I left the film full of rage, despondent, and convicted-  if you serve any religious institution, you need to see this film.

Spotlight is the cautionary tale of an institution that is more invested in self-protection than the protection of the vulnerable.

This is non-neogotiable: If you plan to attend to the tender spiritual lives of people, you need to know and see what damage any of us or our institutions can do. Ministry is an awesome responsibility, which is part of what makes it such meaningful work.  The flip-side of this power and intimacy in people’s lives and souls is the potential for enormous damage. I wish our ordination vows included the promise to “do no harm.”

There are plenty of strong reviews of the film: Vulture, Wall Street Journal, NPR, New York Times, The New Yorker, Variety, the Roman Catholic magazine America, and the definitive review by Ty Burr from the Boston Globe. Here, I’m less interested in whether this is a good film ( near unanimous reviews think it is, and I do too), and more interested in what we who lead religious institutions might learn and do.

Maurice Timothy Reidy, the executive editor of the Roman Catholic America magazine wrote he left the film with “the nagging thought that the abuse scandal is something that all Catholics have to reckon with in some fashion.” I would argue that anyone invested in institutions needs to reckon with the institutional power and responsibility made visible in this film.

When institutions get too big to fail, too powerful to be challenged, lives are damaged, as the (supposed) good of the institution is prioritized over the individual. Real, human bodies and souls are inevitably harmed, with aftershocks of trauma spreading through surrounding families, neighborhoods, and entire cities. The victims are actual humans, but their humanity is overwhelmed by shadow cast by large institutions.

Clergy sexual abuse is a most despicable sin: a violation of the autonomy and dignity of a Child of God, a betrayal of the awesome responsibility to nurture someone’s soul, and an abuse of the power and privilege of religious leadership.  When institutions are protect or cover up of such abuse, a second violation occurs- the (supposed) preservation of the institution over the truth and humanity of the victim/survivor. The institution is implicitly considered more important than the dignity and well-being of individual and the community.

A.O. Scott in the New York Times put it this way:

“When institutions convinced of their own greatness work together, what usually happens is that the truth is buried and the innocent suffer. Breaking that pattern of collaboration is not easy. Challenging deeply entrenched, widely respected authority can be very scary.”

Director Tom McCarthy described the battle between the Globe reporters and the leaders of the Roman Catholic Church in Boston as a case of “Goliath versus Goliath.”

Needless to say, the institution of the Church does not come out looking good in Spotlight. Without spoiling a plot point,  he Boston Globe is not a spotless institution in the film either. But the dogged investigative reporting that broke the story is also testimony to how an institution can use their resources, power, and platform for good. The Spotlight team and the Boston Globe, as an institution, made visible what others would have prefered stayed in the shadows.

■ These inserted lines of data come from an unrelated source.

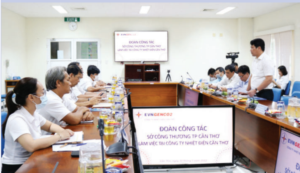
The delegation of Can Tho City Department of Industry and Trade at a working session with Can Tho Thermal Power Company

Can Tho City has been fostering flexible, creative and suitable solutions in the new context. In particular, the industry and trade sector is further improving efficiency and supporting businesses to make a post-pandemic recovery.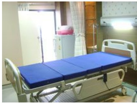
Top – School children (top) in Samut Prakan Province, Thailand. Bottom – Additional beds for the province's main public hospital.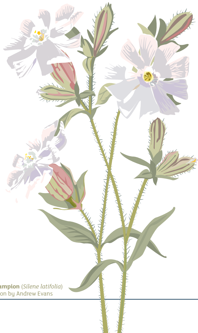
White campion ( Silene latifolia ) Illustration by Andrew Evans

While these orchids flower in early summer, like most of the 25 orchid species on our roadsides their seed pods take weeks to fully ripen. Early cutting destroys them and the hundreds of thousands of seeds they contain. As a result these orchids are now rare on verges, except those that are properly managed.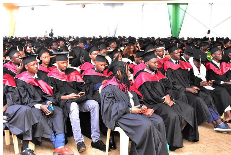
Congratulations to the Class of 2025!

that bring global opportunities to Karatina University.

Standing before the leaders of the religious institutions of his day, Jesus said:

2Nothing is covered up that will not be uncovered, and nothing secret that will not become known. 3Therefore whatever you have said in the dark will be heard in the light, and what you have whispered behind closed doors will be proclaimed from the housetops. ~ Luke 12: 2-3

For those of use who take the New Testament seriously, we are called to shine a spotlight on what remains in the shadows.

Sometimes our institutions become so insular, so self-referential, so ingrown, we need eyes from outside to see just how dysfunctional they’ve become. We needed outsiders from Amnesty International and the Associated Press to reveal the institutional support of the CIA & US Army in the Abu Ghraib torture scandal. We need the outsiders of #BlackLivesMatter to expose the institutional racism in policing. It is no accident that the trailer before Spotlight was for The Big Short, a story of outsiders who exposed the deception of the institutions of big banks and high finance in the recent housing market collapse.

A leitmotif through the film is the roles of outsiders in the accountability of institutions. Victim’s lawyer Mitchell Garabedian is from Boston but he’s Armenian, and thus outside the established Irish-Catholic power structures of Boston. The Boston Globe editor Marty Baron is not from Boston and he’s Jewish. Baron, Anthony Lane of The New Yorker writes, “is mocked for being, as one insider labels him, “an unmarried man of the Jewish faith who hates baseball,” but it is precisely his status as an outsider that allows him to initiate the quest.”

Any individual, insider or outsider,  who has ever tried to call out the bad behavior of Goliath institutions knows how scary it can be to stand before the giant, especially a giant cloaked in holiness. We who have the awesome responsibility of spiritual leadership of religious institutions also bear the responsibility to make it easier for individuals to come forward- that means being explicit and public in talking about abuse in our communities, looking into the shadows, and shining a spotlight.

Spotlight‘s tagline is “Break the story. Break the silence.” If you sit through until the very end of the credits, a hotline number comes up, saying something like “If you have been affected by the events of this film, reach out.”  I was too wrecked at the end of the film to catch the suggested contact information, but these are resources I know to break the silence:

For Religious Leadership: http://www.faithtrustinstitute.org 

For Clergy Abuse Survivors: http://www.snapnetwork.org 

Visibility can offer healing for those who have been hidden in the shadows. Boston Globe columnist Kevin Cullen interviewed clergy sexual abuse survivor Joe Crowley. “Watching (Fr. Paul) Shanley answer to criminal charges was the real beginning of my recovery,” Crowley said.  Institutional accountability matters, and visibility can heal. Cullen opines, “Joe Crowley knows movies and he thinks this one is well-made, well-acted, well done in every way. But more importantly, it is a cinematic vindication of those like him, who suffered in silence for years, who still suffer, who live with memories that don’t fade when the screen goes dark and the lights come on.”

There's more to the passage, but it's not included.